School health involves many different ways of working together to maintain and improve the health of students, staff, and others in a school community. It can be overwhelming, with many possible areas of focus.

In Alberta, we use common definitions, concepts, and frameworks to bring consistency and coordination to school health. Our actions are informed by high-quality science, practical experience, and traditional wisdom. 

On this page, you can learn more about our foundations:


Health means different things to different people in Alberta. For some, health is about avoiding sickness, injury, or disease. For others, it’s about taking care of themselves by eating nutritious food, being active, managing stress, or getting enough sleep. Health includes all of these ideas, and more.

Here are some common definitions:

  • The World Health Organization explains health as a state of complete physical, mental and social well-being and not merely the absence of disease or infirmity. 
  • The Government of Canada considers health as a resource or asset that helps us lead our everyday lives.
  • Alberta Education supports a broad definition of health, organized by five dimensions of wellness: physical, social, emotional, intellectual, and spiritual. 
  • Indigenous perspectives on health are often rooted in culture, strength, and traditional ways knowing. They’re holistic and encompass mental, physical, emotional and spiritual dimensions of well-being. 

The social determinants of health

Health isn't simply a matter of genetics or lifestyle. It's shaped by our experiences and environments as we live, learn, work, and play. 

The social determinants of health are broad social and economic influences—like income, education, childhood experiences, or working conditions—that affect our place in society and our health status. Discrimination, racism, and historical trauma are important social determinants of health for many Albertans, and can be systemic barriers to accessing health care. 

As we move forward from the COVID-19 pandemic, we continue to see the complex ways that the social determinants of health influence health outcomes.


Public health

Public health works at a population level to keep people safe and healthy.

The COVID-19 pandemic helped many people understand the important role public health plays in detecting, preventing, and responding to viruses. 
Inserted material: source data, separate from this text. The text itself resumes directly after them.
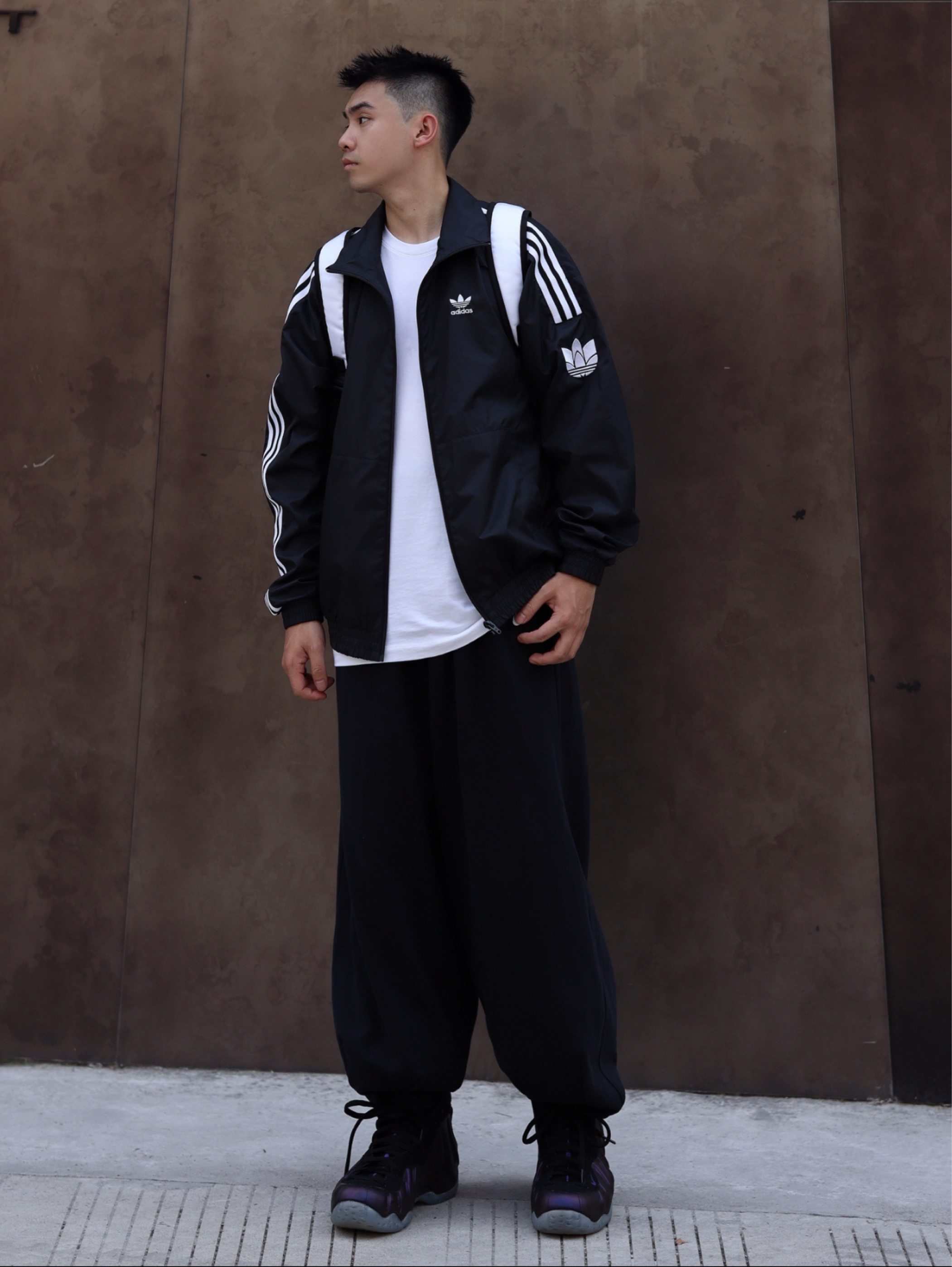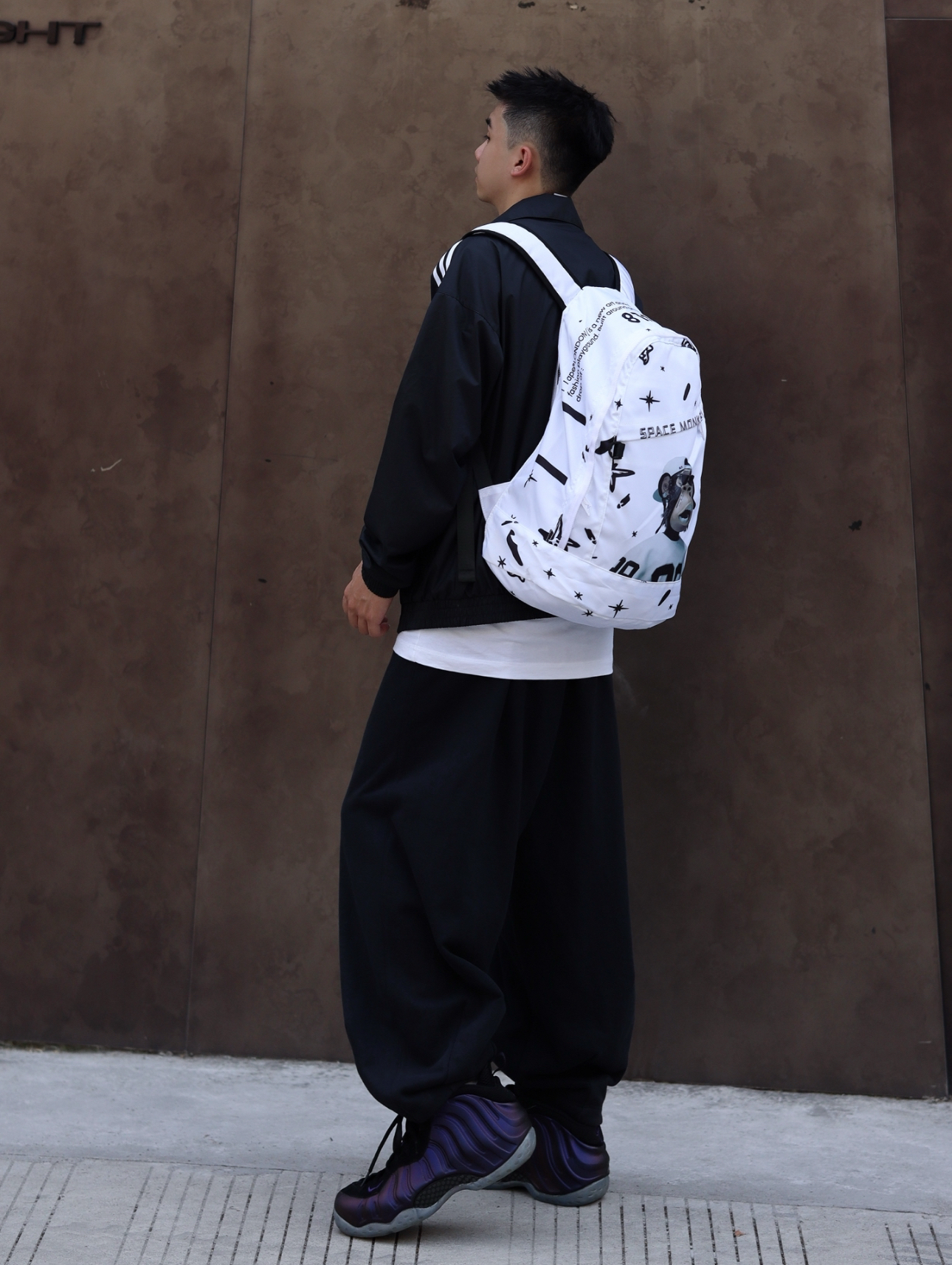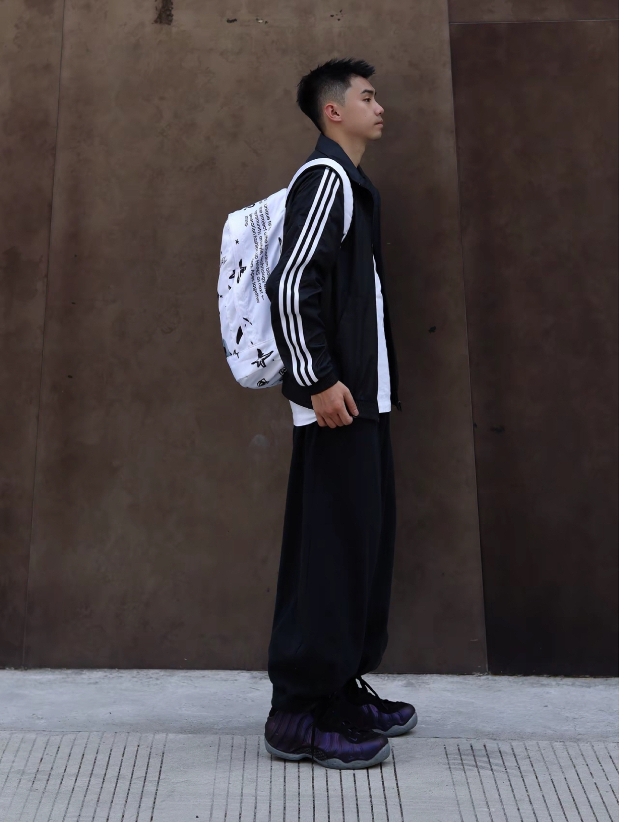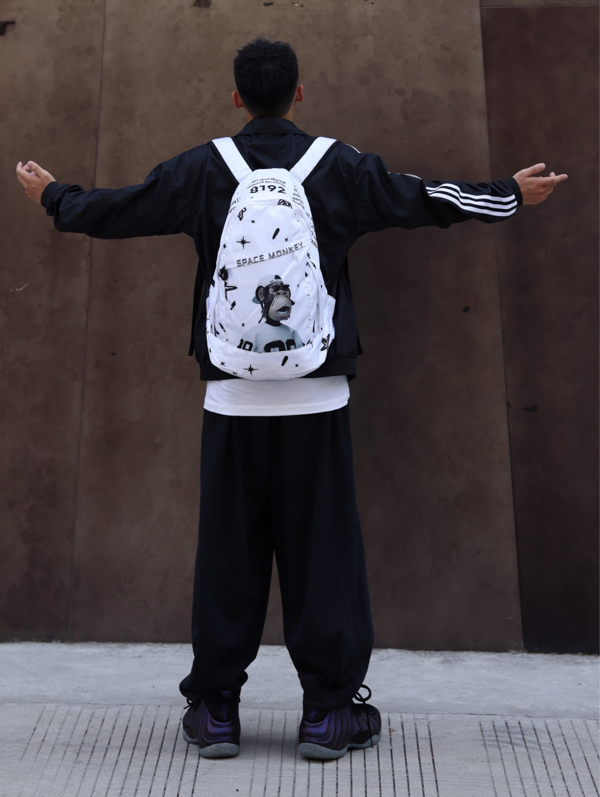 还是首选 black&white 谁都可以轻松驾驭⬇️ 黑色adidas夹克外套搭 白色内里 层次感就有了✨ 下搭同色系休闲裤 简约又自然~ 🎒: DRACONITE 🐒联名双肩包 酷帅的不行 白灰质感还挺不错的 Space Monkey的印花也是我喜欢的
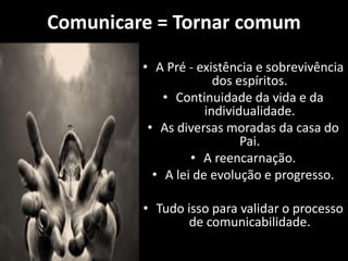 - O documento descreve a Escala Espírita de Allan Kardec, que classifica os espíritos em três ordens principais de acordo com seu nível evolutivo, julgado pela maturidade de sua comunicação e qualidades intelectuais e morais. A primeira ordem contém os Espíritos Puros, a segunda os Bons Espíritos e a terceira os Espíritos Imperfeitos.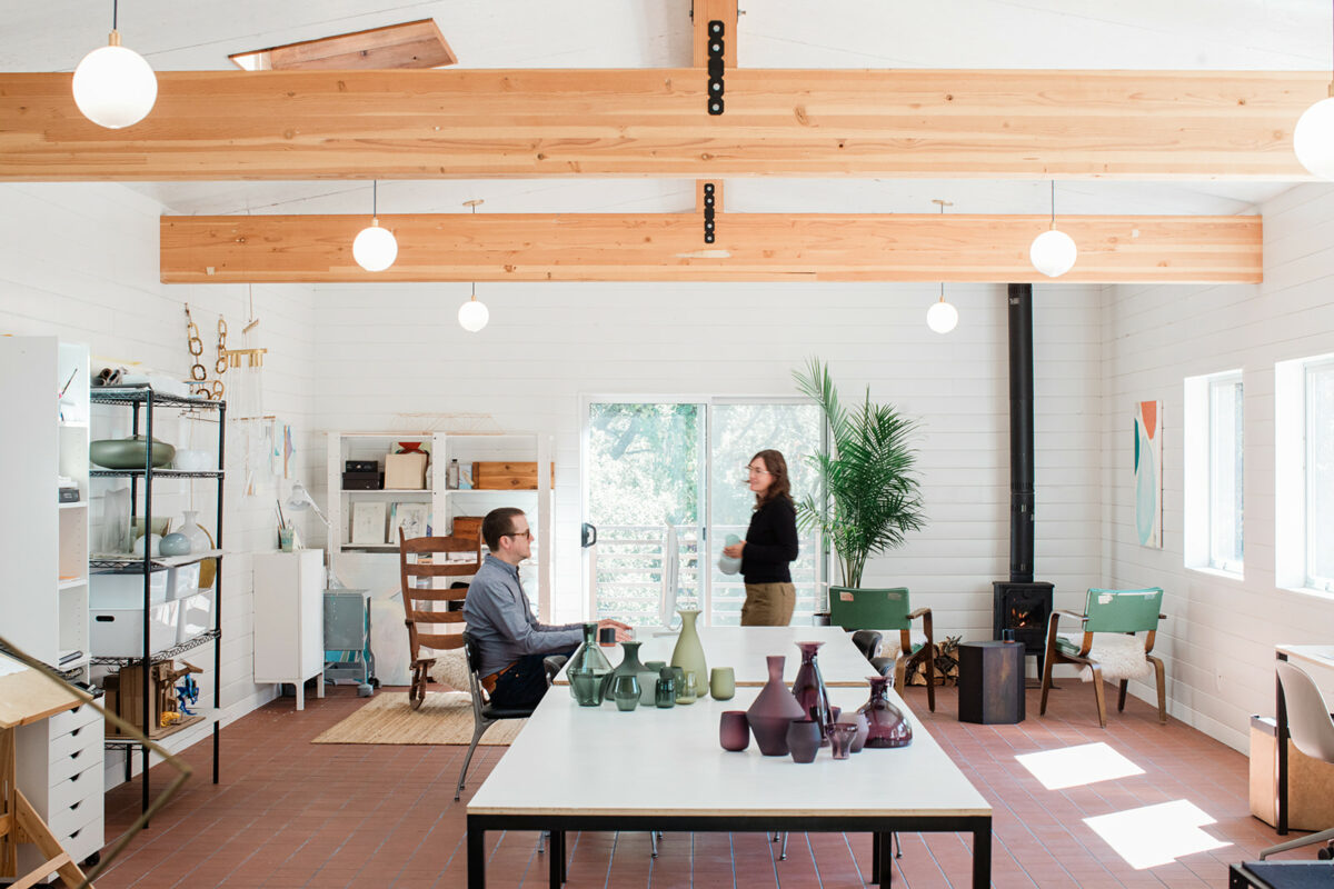 Karen and Paul’s workshop and design studio is just across the courtyard from the main home. It is a functional, barn-like space with tile floors and space for drawing, prototyping, and metalwork. (Eileen Roche/For Sonoma Magazine)

Public health also spans other areas, including:

  • Surveillance and epidemiology
  • Research and community consultation
  • Risk assessment and response
  • Policy and intervention, including emergency preparedness, health protection, and health promotion 

Public health aims to understand why some people are healthier than others, and to eliminate health inequities—differences in health between population groups that are socially produced, unfair, unjust, and avoidable. Public health creates opportunities and conditions for all people in Alberta to meet their full health potential, regardless of who they are or where they live in the province.

Health inequities are differences that are unjust and modifiable. For example, some people in rural or remote parts of Alberta do not have the same access to nutritious food (like vegetables and fruit) as people in other parts of the province.

Health promotion

Health promotion is defined as the process of enabling people to increase control over, and improve their health.  It's a key aspect of public health practice, often aimed at factors that make it more likely (or less likely) a person will experience a health problem. 

  • Risk factors contribute to the development or worsening of a health problem
  • Protective factors lessen the likelihood of a problem, or protect from risk

Some risk and protective factors are well-known—for example, smoking is a risk factor for lung cancer, and physical activity is a protective factor for obesity. Others are closely tied to the social determinants of health, and are not distributed equally across the population.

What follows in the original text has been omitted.